Gasoline or Diesel engine?


----------



## BluezCruze2018 (Aug 10, 2018)

pontiacgt said:


> couple of us have. It was the tie-rods that were bad. Mine is a 2016.5 so it may or may not be the same issue. If its that obvious no reason the dealer can't hear or feel it. I noticed on mine it was worse when the temperature was in the 80's or 90's so being your near 100 they should easy be able to find it and fix it.
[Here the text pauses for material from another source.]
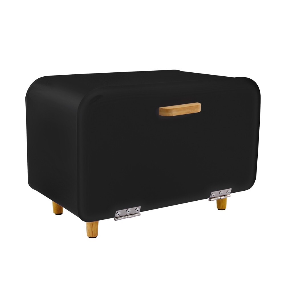 HOME ELEMENTS-HR Chlebník kovový s lakovanou vrstvou a bambusovým dřevem, barva černá
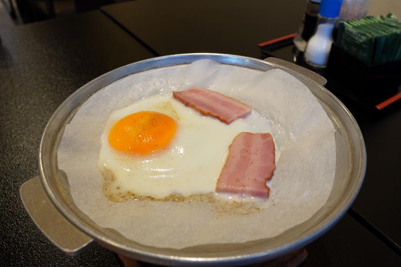 ジュージュー焼かれていたのは目玉焼きとベーコン。半熟くらいに焼けていておいしそう。トロッとした卵をご飯に絡めるのが好き。大満足な朝食でした。ごちそうさまです。

I’m hoping they do, because it’s embar to have a brand new car that sounds like it has 20 year old suspension. I’ve got an appointment with the dealership on the 22nd, I’ll post an update.


----------



## BluezCruze2018 (Aug 10, 2018)

Well I picked the car up this morning from the dealership, and the noise is still there. They told me that a flap was loose under the car causing the noise, but I can feel it in the steering, when I apply the brakes, or when I’m driving at slow speeds in a parking lot. It feels like the suspension is loose and you can feel it through the brake pedal/ steering wheel and floor.


----------



## jblackburn (Apr 14, 2012)

There's a TSB to replace tie rods. Solved my front end rattle at low speeds/harsh auto-stop restart from my 2016.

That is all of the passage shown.